Today, we are resuming our study in the book of Ephesians. I encourage you to turn there with me. We are in the fifth chapter, and I will be picking up at verse 15 and working our way down to verse 20. The apostle Paul writes:

15 Look carefully then how you walk, not as unwise but as wise, 16 making the best use of the time, because the days are evil. 17 Therefore do not be foolish, but understand what the will of the Lord is. 18 And do not get drunk with wine, for that is debauchery, but be filled with the Spirit, 19 addressing one another in psalms and hymns and spiritual songs, singing and making melody to the Lord with your heart, 20 giving thanks always and for everything to God the Father in the name of our Lord Jesus Christ.

Let us pray.

Lord God, as we approach the scripture today, we pray that you grant us wisdom. Help us to be all you would have us to be, and grant us understanding of what we read. This we ask, in Jesus’ name. Amen.

Introduction

Well, Brothers and Sisters, I am excited to reach the halfway point of chapter 5. I know I have been taking my time, and just going through this all nice and slow. There is so much in this little book of Ephesians. The truth is really packed in tight here, and we have some really interesting verses to look at today.

I know I have explained this probably a dozen times now, but I am going to say it again for context, in case this is your first time joining us. It’s important to understand where we are overall within the book of Ephesians. The Apostle Paul writes almost all of his epistles in two parts, and he follows the same pattern in them all. In the first part of his pastoral letters, Paul will write about doctrines. He will talk about the way Christians should think about things and how we should understand the teachings of the church. Paul always spends time on doctrine, and doctrine is for the mind.

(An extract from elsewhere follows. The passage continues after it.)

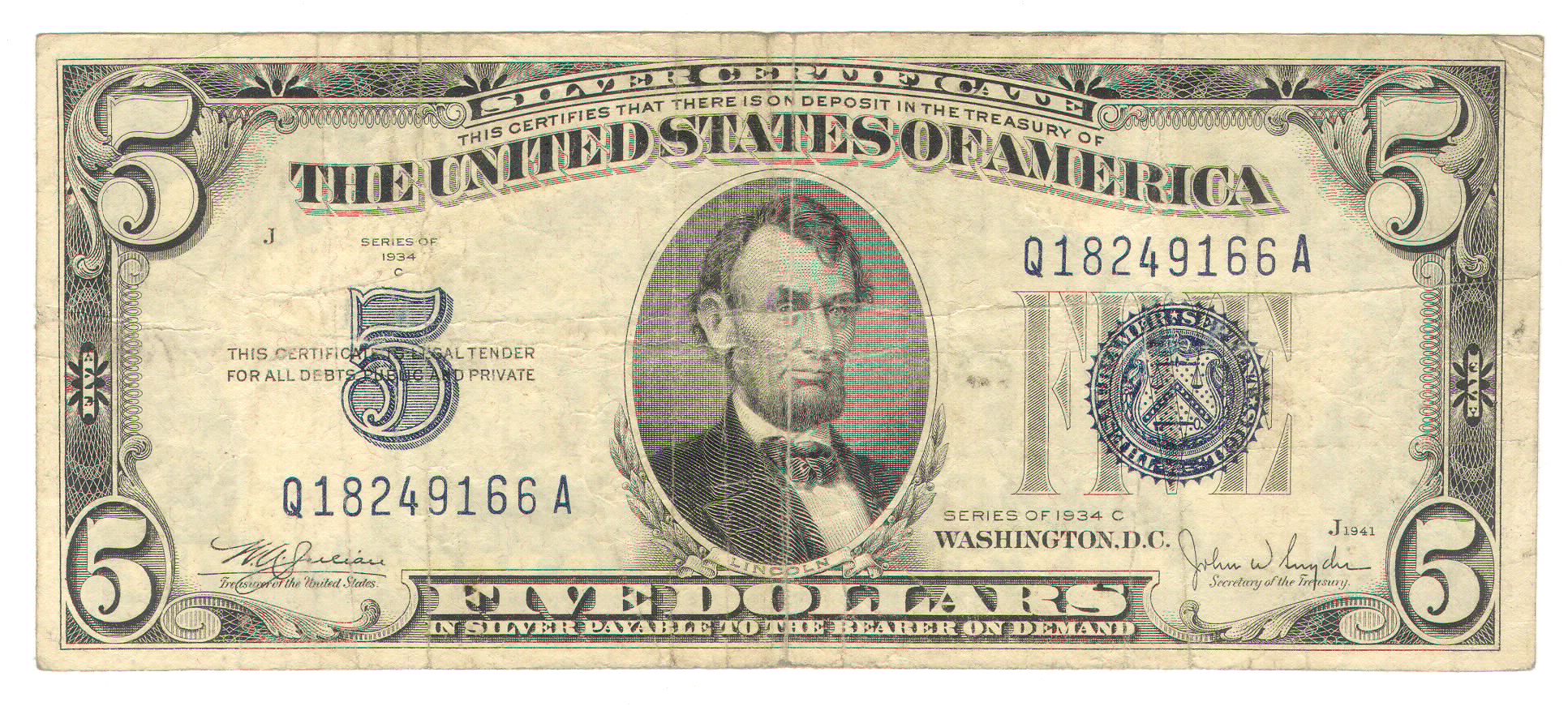 You have: (Fr-1653) 1934-C $5 Silver Certificate

It’s to help us think in a correct way.

Then, in the second part of his letters, Paul will always speak about Christian conduct and behavior. He explains what Christian doctrine looks like when it is lived out in our lives. So, in that way, Paul always covers both bases. He helps us understand both how to think about our Christian faith and then also how to carry it into action in our lives. I love how Paul takes the time to actually give practical consideration for the doctrines. He doesn’t just leave things hanging out in the wind; he really gives us a comprehensive picture—both how to think about things and how to carry that into action in our lives.

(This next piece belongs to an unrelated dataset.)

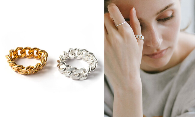 程よくゴージャスな雰囲気を纏い、コーデにパンチを効かせることができるチェーンリング。シンプル・ミニマルな装いにも適度なアピールが加わり、クールでグラマラスな印象に。

In this book of Ephesians, Paul has been speaking about doctrine in his first three chapters. Then, as Paul comes into chapter 4, he starts speaking about conduct. By the time we get here to the middle of chapter 5, Paul is smack in the middle of speaking about Christian conduct.

Since we entered this section of Paul’s epistle, we have given all our lessons the title, “Walk in Love,” because Paul is building his entire case and explanation for Christian conduct around the love of God. Paul has framed love as both the motivator and the explanation behind Christian conduct. The love of God is both the beginning and the end of the matter. It’s why Christians behave the way they do, and it defines the behavior itself.

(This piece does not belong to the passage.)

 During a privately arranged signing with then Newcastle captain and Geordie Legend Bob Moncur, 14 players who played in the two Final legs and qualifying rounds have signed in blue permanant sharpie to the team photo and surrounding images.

As Christians, we love each other like Christ loved us, and because of that command and that love, there are certain ways we behave. There are also certain things we avoid. Our dos and don’ts, and our lifestyle, are defined by that command to love each other as Christ loved us.

Paul has truly framed his entire explanation around love, and I have taken care through our prior lessons to show that. With each one of Paul’s instructions around Christian conduct, he has given us an explanation that lets us see that he is speaking about law and the other attributes of the fruit of the Spirit. Paul’s teachings on conduct are rooted in honesty, faithfulness, kindness, generosity, patience, and self-control. He is speaking about godly character, rooted in the love of God.

In our last lesson, we walked through the prior verses in this chapter where Paul told the Ephesians to walk as children of light. We discovered that in these verses, light is a metaphor for love. We discovered that walking in love and walking in light are the same thing, and that walking in light is just a metaphor for walking in love.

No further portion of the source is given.